::: RECORDS FOR THIS EXERCISE
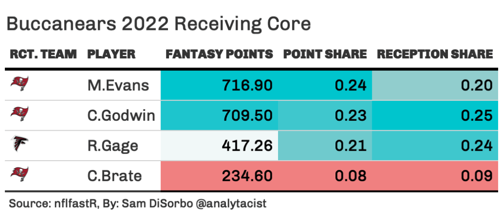 Russel Gage had a breakout season in 2021 with the Falcons and seemed to have the potential of becoming a star fantasy receiver–this was, of course, before he was moved to Tampa Bay. Last year, in the absence of Calvin Ridley, Gage was able to pull in a large number of targets and account for a good amount of the receiving core’s fantasy points. Now, behind star receivers Mike Evans and Chris Godwin, who have scored a combined 47% of Bucs receivers’ fantasy points the past 3 years, it is going to be difficult for Gage to produce enough volume to be used as much more than FLEX option in 2022.
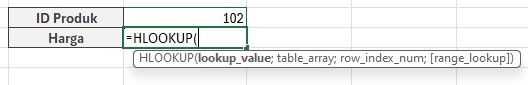 - Lalu tekan enter untuk mendapatkan nilai harga dengan ID Produk 102 berdasarkan rumus HLOOKUP.
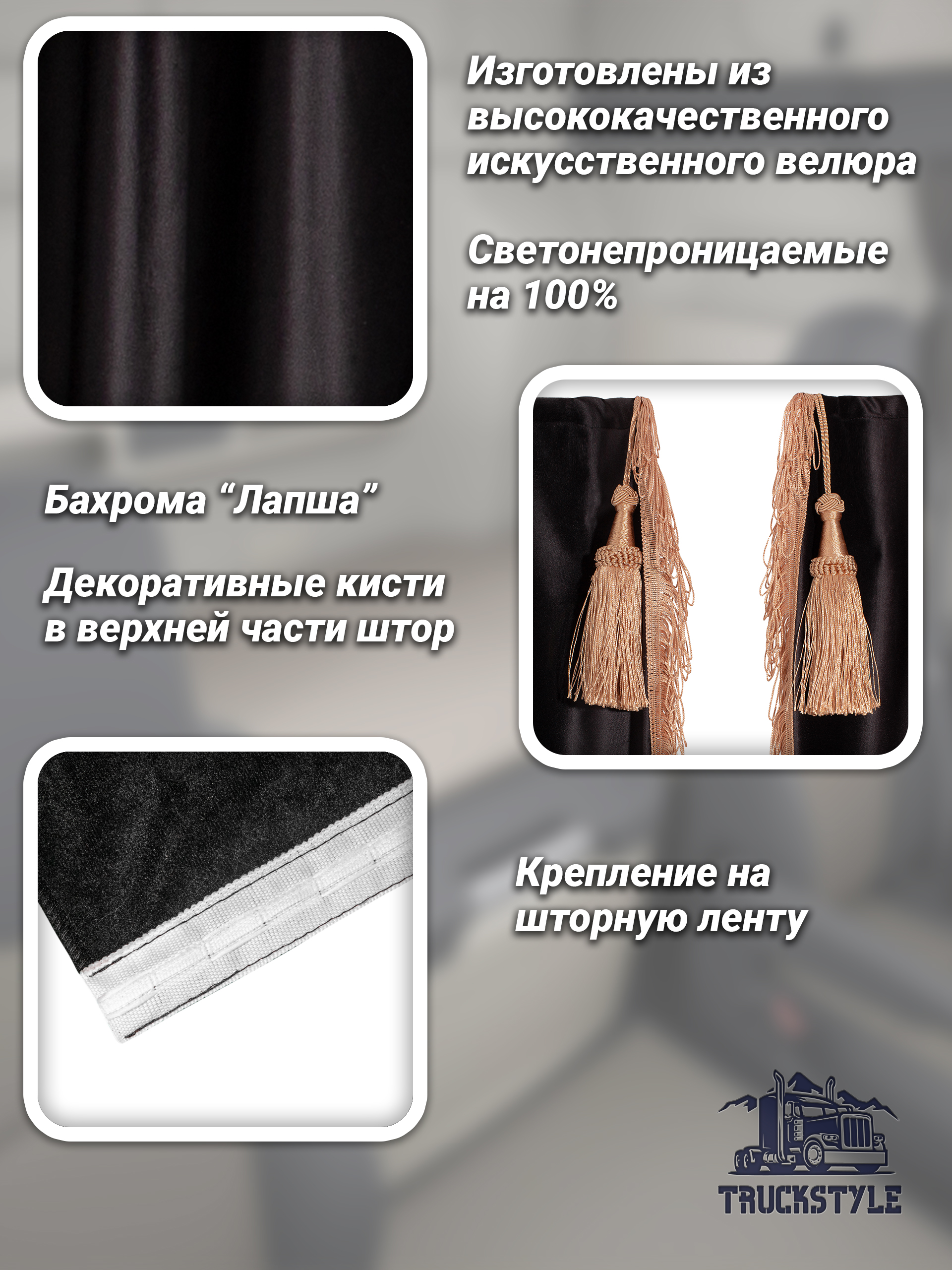 Представляем шторы в салон грузового авто с бахромой и кистями, специально разработанные для автокабин Volvo, Scania, MAN, DAF, Merc, Камаз, Sitrak, Shacman и Foton. Эти автоаксессуары прекрасно подойдут для создания уюта и комфортной атмосферы в вашем грузовом автомобиле. Высота одной стороны лобовых штор составляет 0,9 метра, а ширина одной стороны – 2,30 метра, высота одной стороны спальных штор составляет 1,45 метра, а ширина одной стороны 1,15 метра, что позволяет идеально адаптироваться к интерьеру вашей кабины.
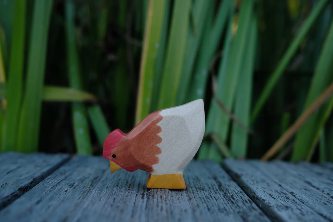 Das HolzWald Huhn hat einen roten Kamm und einen spitzen orangenen Schnabel. Sein Kopf ist nach unten gerichtet, da es sich gerade die leckersten Körner vom Boden pickt. Es lebt auf der Bauernhof und kümmert sich um seine Küken oder gackert mit den anderen Hühnern lauthals um die Wette.
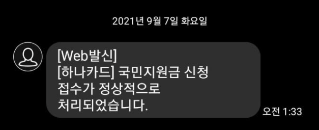 하나은행 재난지원금 신청이 모두 끝이 낫으며, 재난지원금 신청이 잘 되었는지 확인이 필요하니, 신청결과 조회를 통하여 하나은행 재난지원금 신청 확인을 할 수 있으며, 하루나 이틀정도 지나면 위 사진처럼 문자로 알려줍니다.
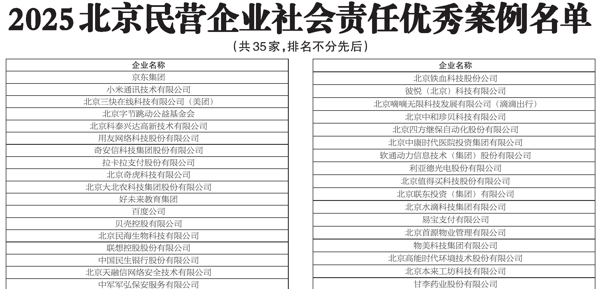 2025北京民营企业社会责任优秀案例名单
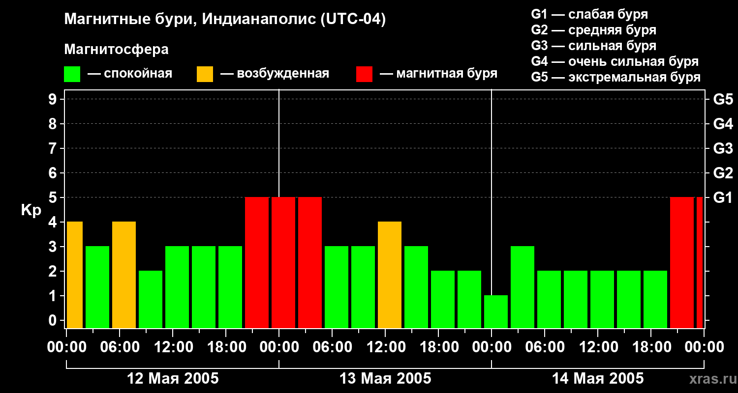 Изменения геомагнитного индекса Kp с 12 по 14 мая 2005 года для средних широт
::::::
_WORK ORDER:_
Each line from the one with "- Lalu tekan" through the final line of the records must be copied exactly, with no pictures and no additional lines.

_ANSWER TO THE PROBLEM:_
 - Lalu tekan enter untuk mendapatkan nilai harga dengan ID Produk 102 berdasarkan rumus HLOOKUP.
 Представляем шторы в салон грузового авто с бахромой и кистями, специально разработанные для автокабин Volvo, Scania, MAN, DAF, Merc, Камаз, Sitrak, Shacman и Foton. Эти автоаксессуары прекрасно подойдут для создания уюта и комфортной атмосферы в вашем грузовом автомобиле. Высота одной стороны лобовых штор составляет 0,9 метра, а ширина одной стороны – 2,30 метра, высота одной стороны спальных штор составляет 1,45 метра, а ширина одной стороны 1,15 метра, что позволяет идеально адаптироваться к интерьеру вашей кабины.
 Das HolzWald Huhn hat einen roten Kamm und einen spitzen orangenen Schnabel. Sein Kopf ist nach unten gerichtet, da es sich gerade die leckersten Körner vom Boden pickt. Es lebt auf der Bauernhof und kümmert sich um seine Küken oder gackert mit den anderen Hühnern lauthals um die Wette.
 하나은행 재난지원금 신청이 모두 끝이 낫으며, 재난지원금 신청이 잘 되었는지 확인이 필요하니, 신청결과 조회를 통하여 하나은행 재난지원금 신청 확인을 할 수 있으며, 하루나 이틀정도 지나면 위 사진처럼 문자로 알려줍니다.
 2025北京民营企业社会责任优秀案例名单
 Изменения геомагнитного индекса Kp с 12 по 14 мая 2005 года для средних широт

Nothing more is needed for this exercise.